Value proposition
Automation
NSP uses automation to provide a faster, more flexible network management solution. This automation function spans multiple components in NSP, allowing for the provisioning of intelligent, adaptive services across multiple domains and use cases.
Service Management
Service management allows operators to provision a service based on service templates that are configured using intent types imported from network intents, which allows for faster service creation and deployment. It can also make use of operator-defined intent types for dynamic network resource selection and automated provisioning. These intent types utilize NSP’s real-time view of the network to map service connection requests to the best available tunnels/paths in order to meet the customer’s network efficiency goals.
Path Control
Path Control leverages complex algorithms, applied via policies, to automate the rerouting of service paths based on operator-specified constraints.
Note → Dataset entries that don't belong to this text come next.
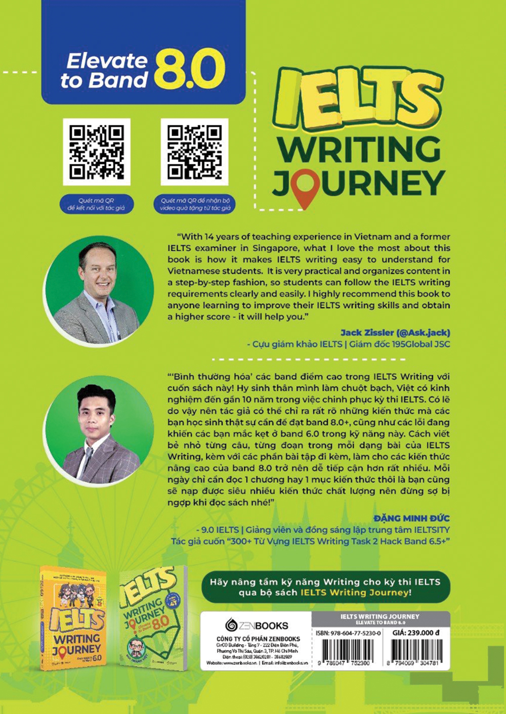 1. Ielts writing journey: elevate to band 8.0   Tác giả: Bùi Thành Việt Nhà phát hành: Zenbooks Nhà xuất bản: NXB Thế Giới Năm xuất bản: 2024 Mã sản phẩm: 8794069304781 Số trang: 268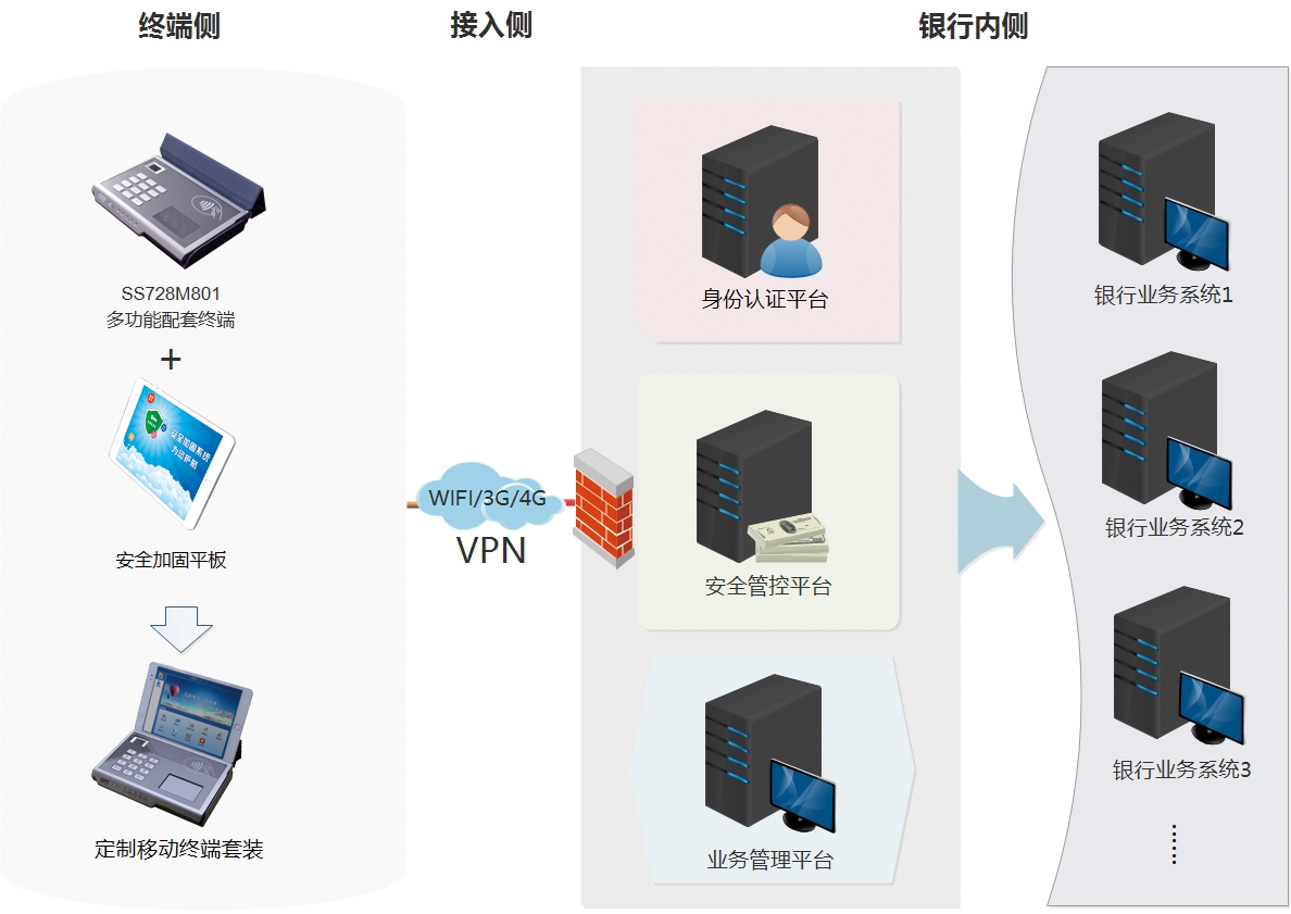 移动终端套装+移动展业管理平台。可以随身携带的非现金银行柜台。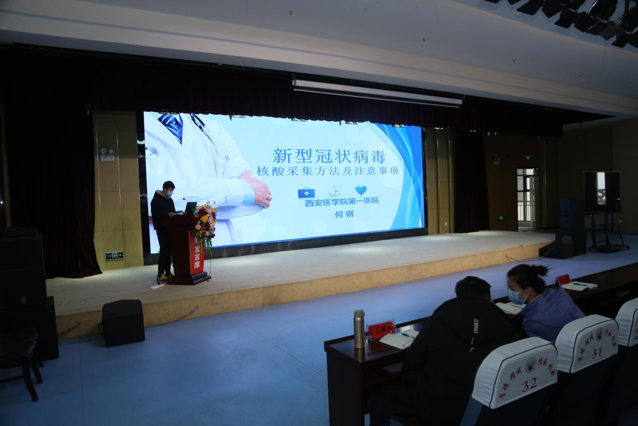 为深入贯彻陕西省应对新冠疫情工作领导小组办公室下发的《关于做好应对农村新冠疫情三级医院对口帮扶县级医院有关工作的通知》文件精神,切实加强农村地区新冠疫情防控工作,提升我院应对疫情及院感防控能力。2021年1月18日,西安医学院第一附属医院派驻医疗队队长检验科专家王耀伟,队员感染控制科专家折保花、急诊科专家何钢莅临我院指导帮扶疫情及院感防控、核酸采样人员培训与考核工作。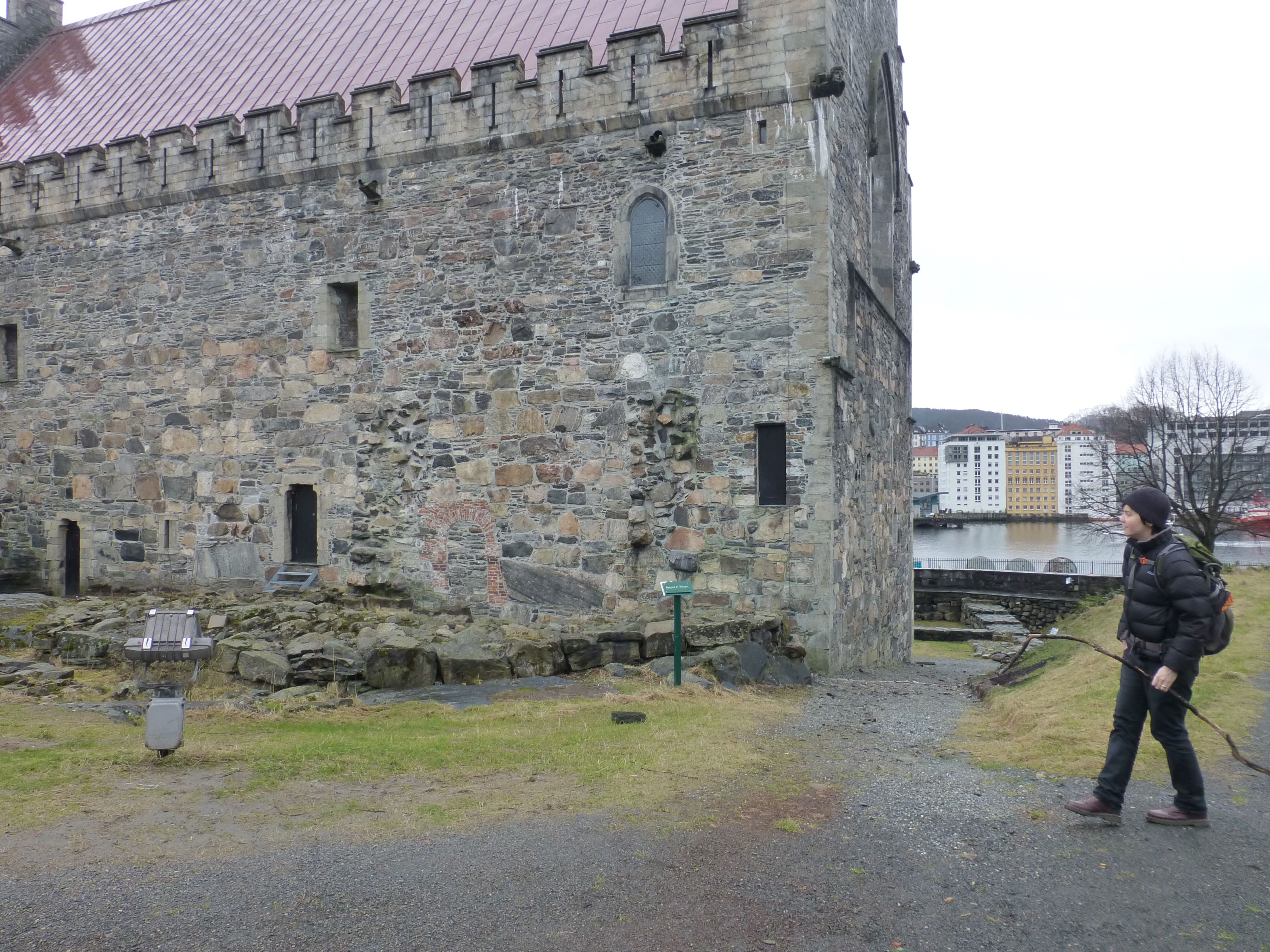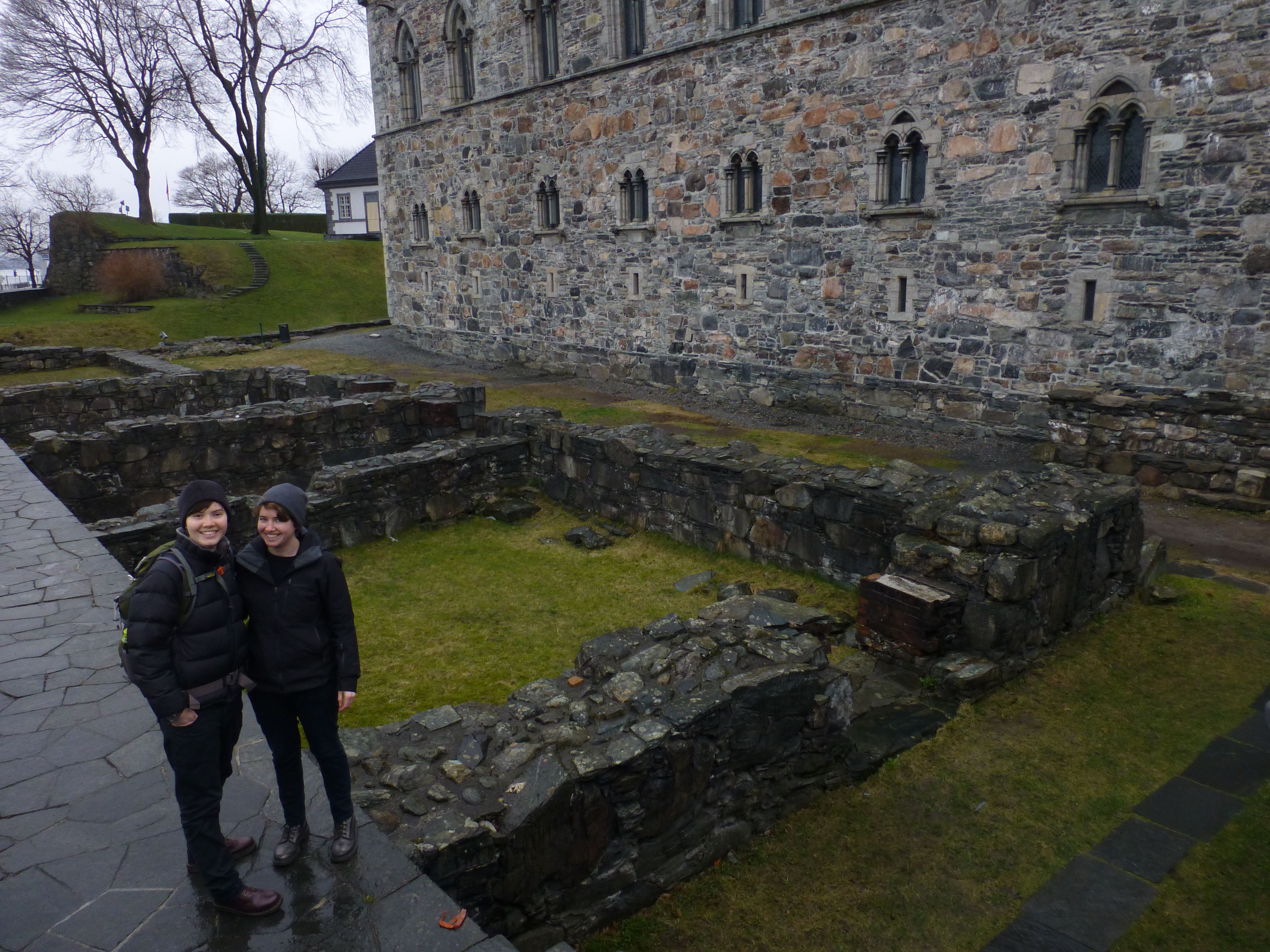 At the far end of Bryggen, away from the city center at the mouth of the harbor, is the Bergenhus Fortress, one of the best preserved castles in Norway. This is Mi and Alice, unaware that Kelly was taking this photo. It was the off season so we were unable to go inside the castle, but the grounds were open so we were able to admire the structures from the outside. The oldest buildings date back to the 1240s and newer constructions as recent as WWII, when Norway was occupied by Germany.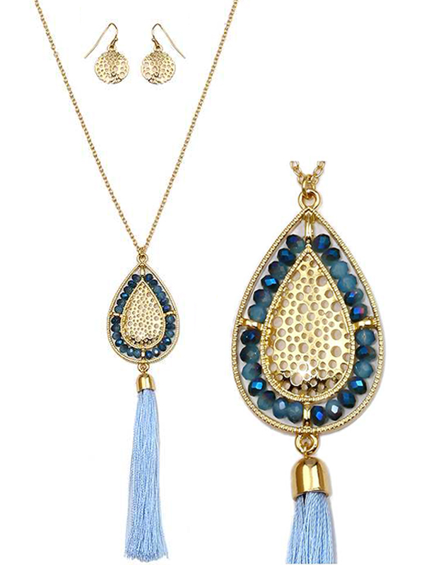 WHOLESALE TEARDROP METAL FILIGREE AND GLASS BEAD AND LONG TASSEL NECKLACE SET 429389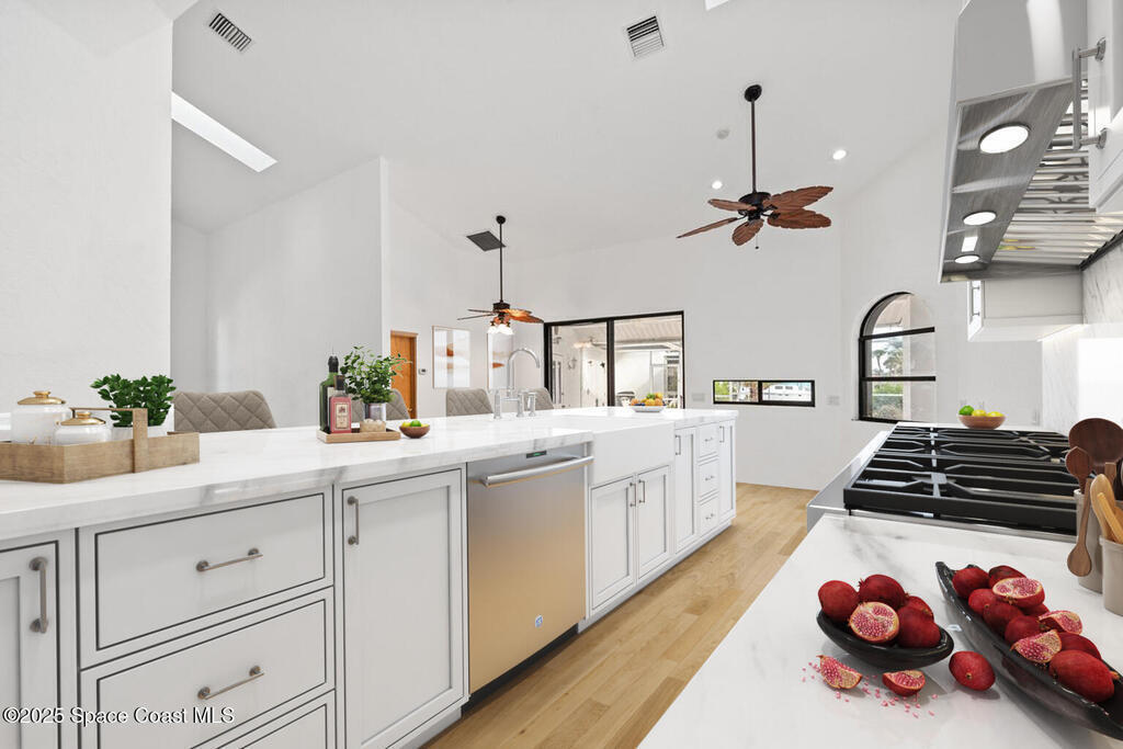 - Interior FeaturesCeiling Fan(s), His and Hers Closets, Primary Bathroom -Tub with Separate Shower, Primary Downstairs, Skylight(s), Split Bedrooms, Vaulted Ceiling(s), Walk-In Closet(s) and Wet Bar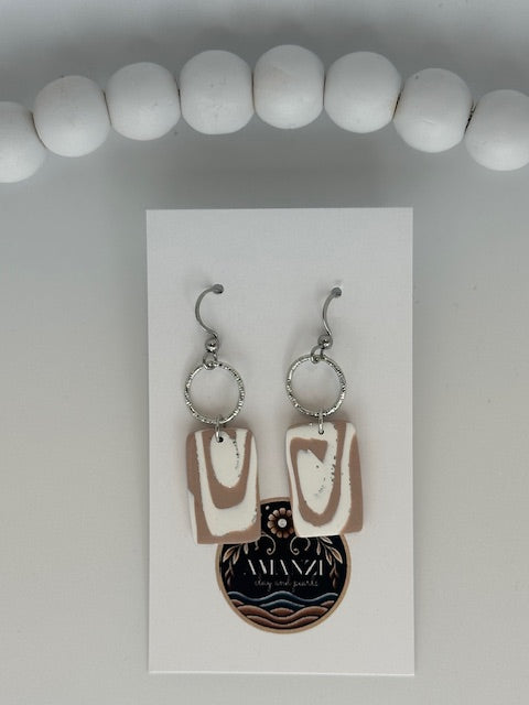 A modern neutral with an artistic twist. The circular accent paired with the abstract drop creates visual balance and movement, while the warm taupe and ivory palette keeps it timeless.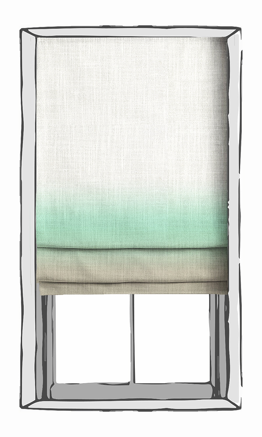 -Consider the minimised look: Ombre's full progression of hues can only be visible when the roman blind is folded down to its full stretch. When folded up, you can see the top white portion and a short gather of the gradient colour. Factor in this aspect when you check for colour-cohesiveness between the blind and the overall palette of the room.
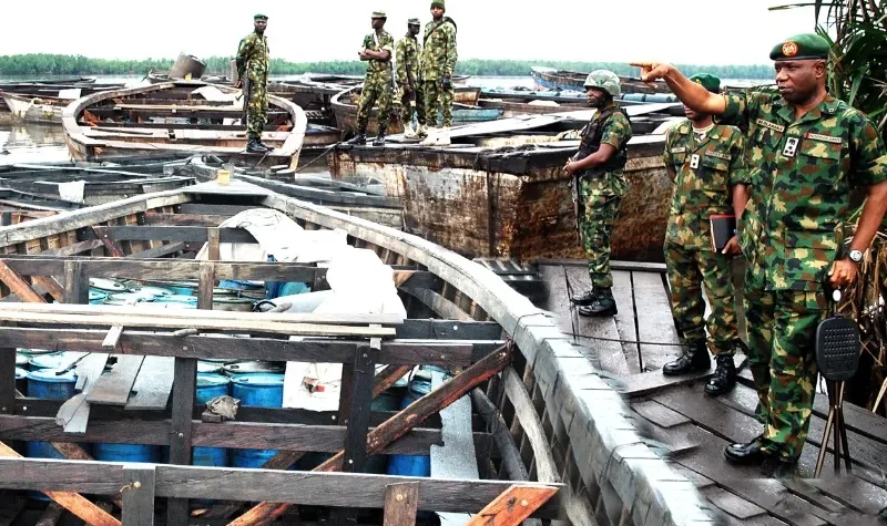 In Rivers State, military personnel conducting pipeline surveillance in the Cawthorne Channel I, II, and III areas of Degema Local Government Area intercepted a wooden boat carrying more than 5,000 liters of crude oil. A large wooden boat suspected to be used for illicit activities was also destroyed.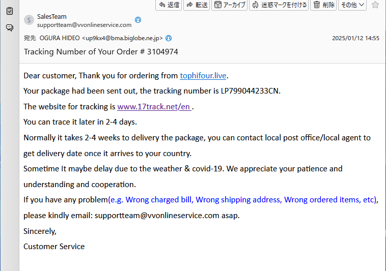 文中のtracking number LP799….を入れるとそれらしい回答が返ってくる。

This allows for the provisioning of services that automatically respond to network changes in order to maintain optimization targets.
Intents
NSP allows you to create and execute intent-based automation flows which let you implement network-level planning and design. Intents translate high-level goal to necessary network configuration, and the NSP generates and validates the configuration and continually verifies the state of the network.
Workflows
NSP allows you to create and execute workflows that can be used to define automated procedures and closed loop automation.
Optimization
The NSP unifies service automation with network optimization, allowing network operators to deliver on demand network services cost-effectively and with scalability. Real-time network path computation and optimization is centralized to leverage network-wide views and KPI driven to rapidly adapt to changing network conditions.
Service Management
NSP’s service management function allows operators to provision a service based on constraints and on an optimization target. The service is created along with the required infrastructure to fulfill these criteria. Operators can quickly and easily deploy services in a changing environment. Operators can change the optimization objective and PIR/CIR representing the bandwidth that will be used by the service.
Path Control
The NSP supports transport network optimization using path control. Path Control provides a view of the IGP topology and PCE LSPs. It also displays the status of the IGP network and provides functionality to optimize the network resources. This can be done globally or locally e.g. optimizing the LSPs passing specific links only.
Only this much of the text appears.